ゆとりのゲーム感想「ロックマンX サイバーミッション」
【はじめに】
私はロックマンが好きだ。というか刺さる人には刺さりまくるキャラクターである。ゲーム会社には「このゲーム会社といえばコレ!」といういわばマスコットみたいなキャラがいるもんだが、カプコンの顔といえばロックマンという人も少なからずいるだろう。
コイツはファミコン時代から現在に至るまでチョコチョコ顔を出してはヒットを飛ばしてる。「ロックマン」「ロックマンX」「ロックマンDASH」「ロックマンエグゼ」・・・数えだしたらキリがないぐらいシリーズもある。
というかロックマンはマスコットの方では頑張っている方である。コナミのゴエモンやハドソンのボンバーマンも同じく肩を並べていたが、両者ともそこまでの人気では無くなったと言える。そんな昔有名だったキャラがゴマンといる中で、ロックマンはファミコンの初期から存在し、姿を変えつつもしぶとく生き残っていた。

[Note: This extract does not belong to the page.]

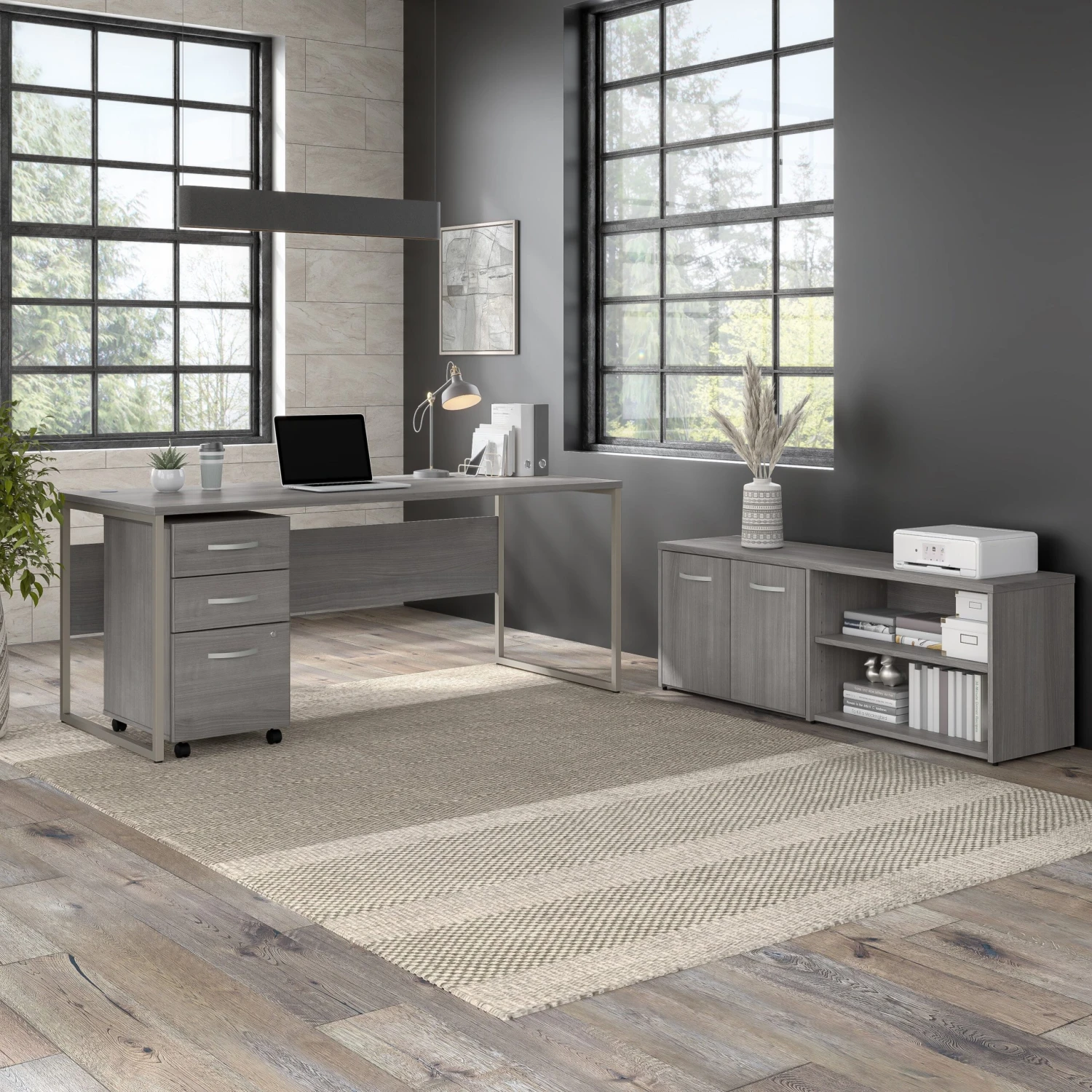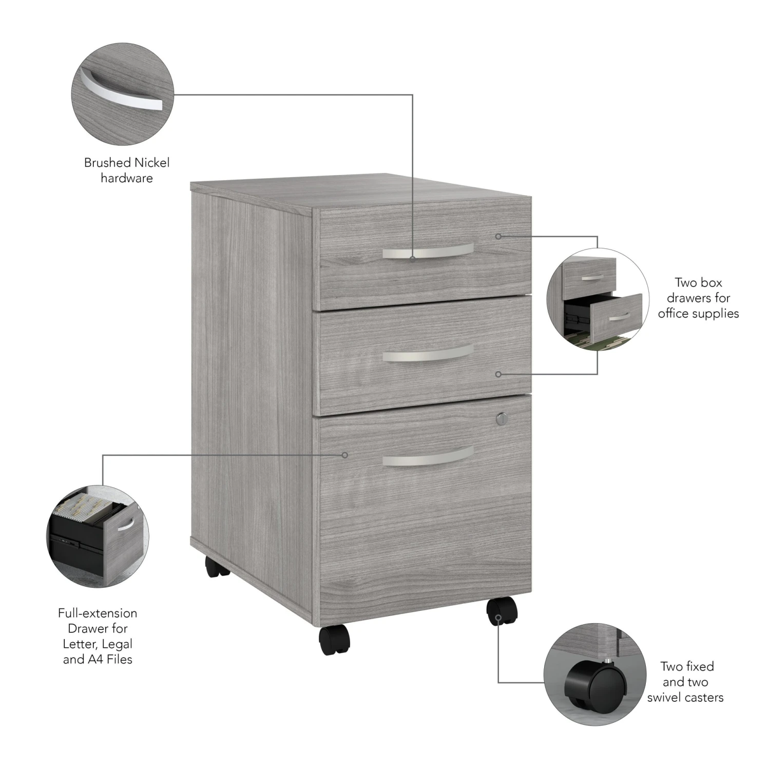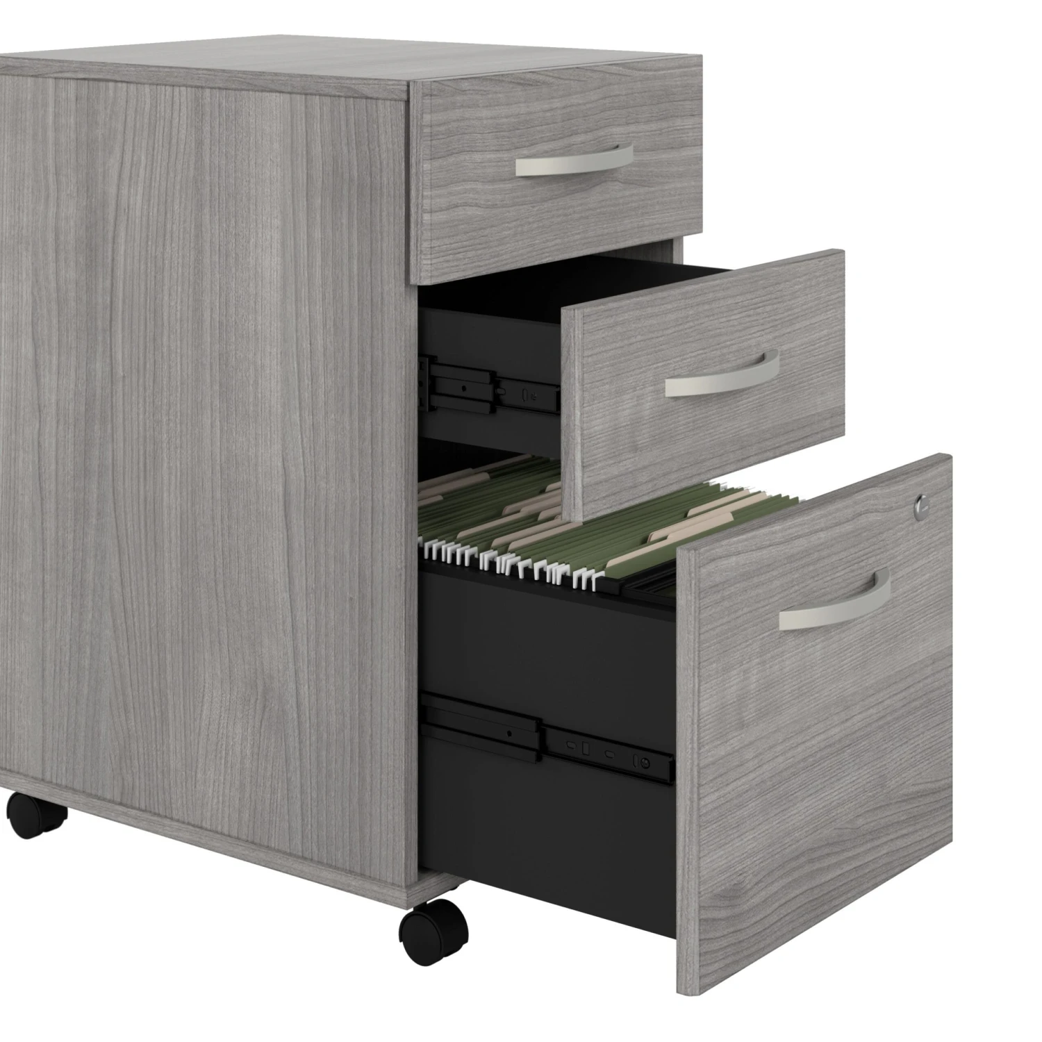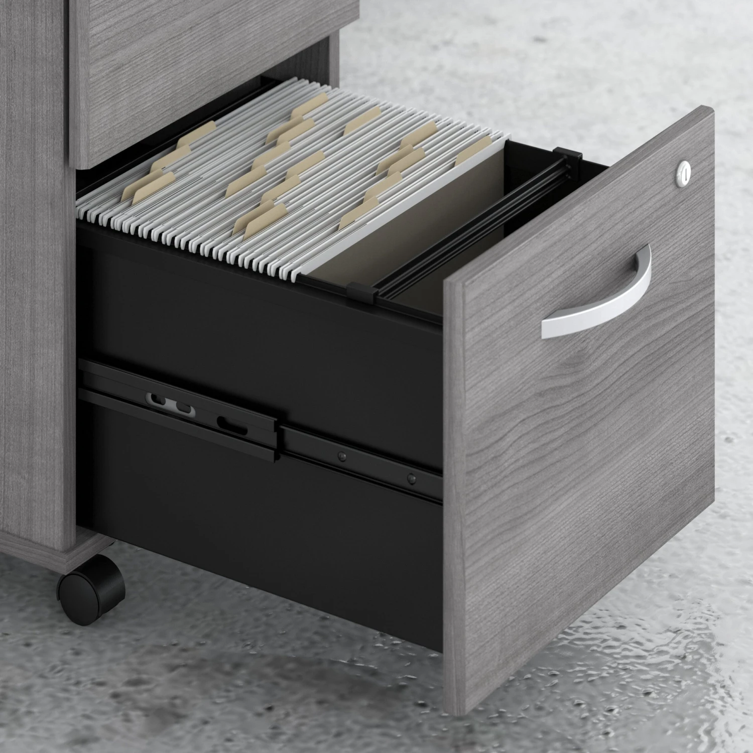 This 3-drawer pre-assembled file cabinet from premium manufacturer BBF offers an elegant appearance and practical, spacious storage for the modern professional. The platinum gray finish adds a sleek tone that gives a fresh feel, and is ready to immediately liven up your office or home thanks to the file cabinet being pre-assembled. The bottom lockable full-extension file drawer opens on smooth ball-bearing slides and securely stores all of your letter-size documents. The two box drawers, the bottom one being lockable by the same single lock on the file drawer, provide ample space for office supplies and belongings. The compact design allows it to fit beneath the desk, or rolls easily for convenient mobility and access. A 3-year manufacturer warranty is included for your peace of mind.ย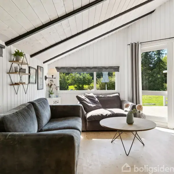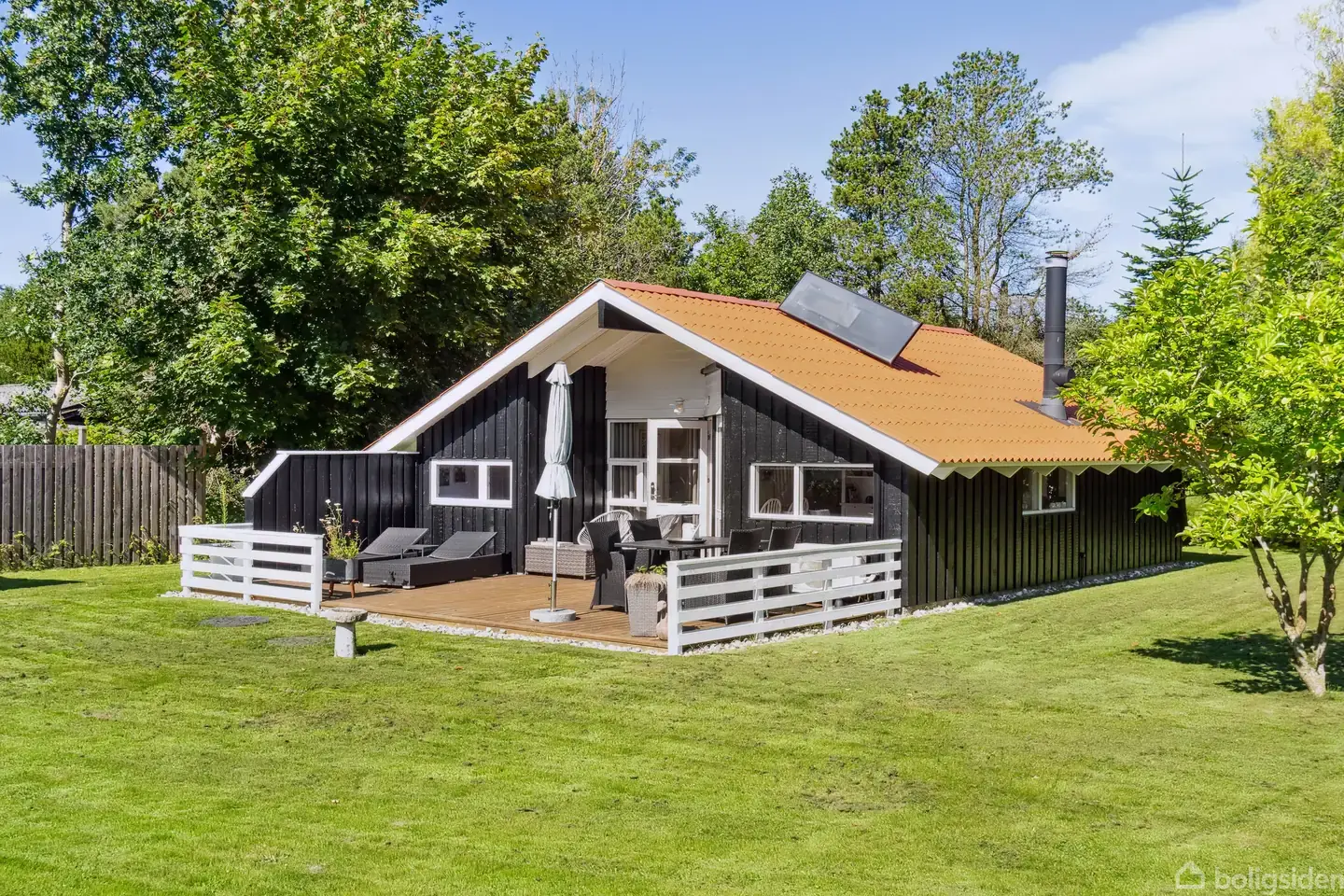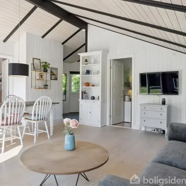 Dette hyggelige og løbende moderniserede sommerhus ligger i et roligt område for enden af en blind vej – kun 425 meter fra stranden med badebro i sommermånederne. Den store, ugenerede grund giver masser af plads til leg, boldspil og afslapning, og i gåafstand finder I både en fantastisk legeplads med mange faciliteter og en restaurant. Hjertet i huset er det lyse fællesrum med loft til kip og køkken, spiseplads og stue i ét. Herfra er der direkte udgang til haven og terrassen, hvor både lounge

そのたくさんあるシリーズの中で、「ロックマンX」シリーズは今でも人気があるスター選手だ。この間サービス終了してしまったが、スマホアプリもあった程だし(初期は結構な盛り上がりを見せたと記憶している)。
そんなロックマンXが携帯機であるゲームボーイカラーで遊べると知ったら、当時の小学生は脳みそが火傷するぐらい嬉しかっただろう。そう、あるのだ。「ロックマンX サイバーミッション」である。
私はどちらかというとファミコンのロックマンからXに移行して、「こっちもおもしろいけど、ファミコンの方が好き」という感想を持っていたので、Xはあまり触れてこなかったが、せっかくなのでクリアまで遊んでみることにした。
【ゲーム概要】
ゲームボーイカラー対応(GBやSGBも対応している)ソフト、「ロックマンX サイバーミッション」。
発売されたのが2000年ということで、ロックマンX4が発売された1997年、そこから3年もの時を経て発売されたXシリーズである。X4は人気だったとはいえ、あれから3年が経っているからなのか本作のセールスはそこまで振るわなかったらしい。レビューも探してみたが、殆ど見つからなかったので、そもそも知られていないのか、腫れ物扱いなのか・・・?よく分からない存在である。
本作は面クリア型の横スクロールアクションである。ボスの顔がいっぱいあるステージセレクト画面でステージを選択し、そのステージの奥にいるボスを倒すとステージクリアである。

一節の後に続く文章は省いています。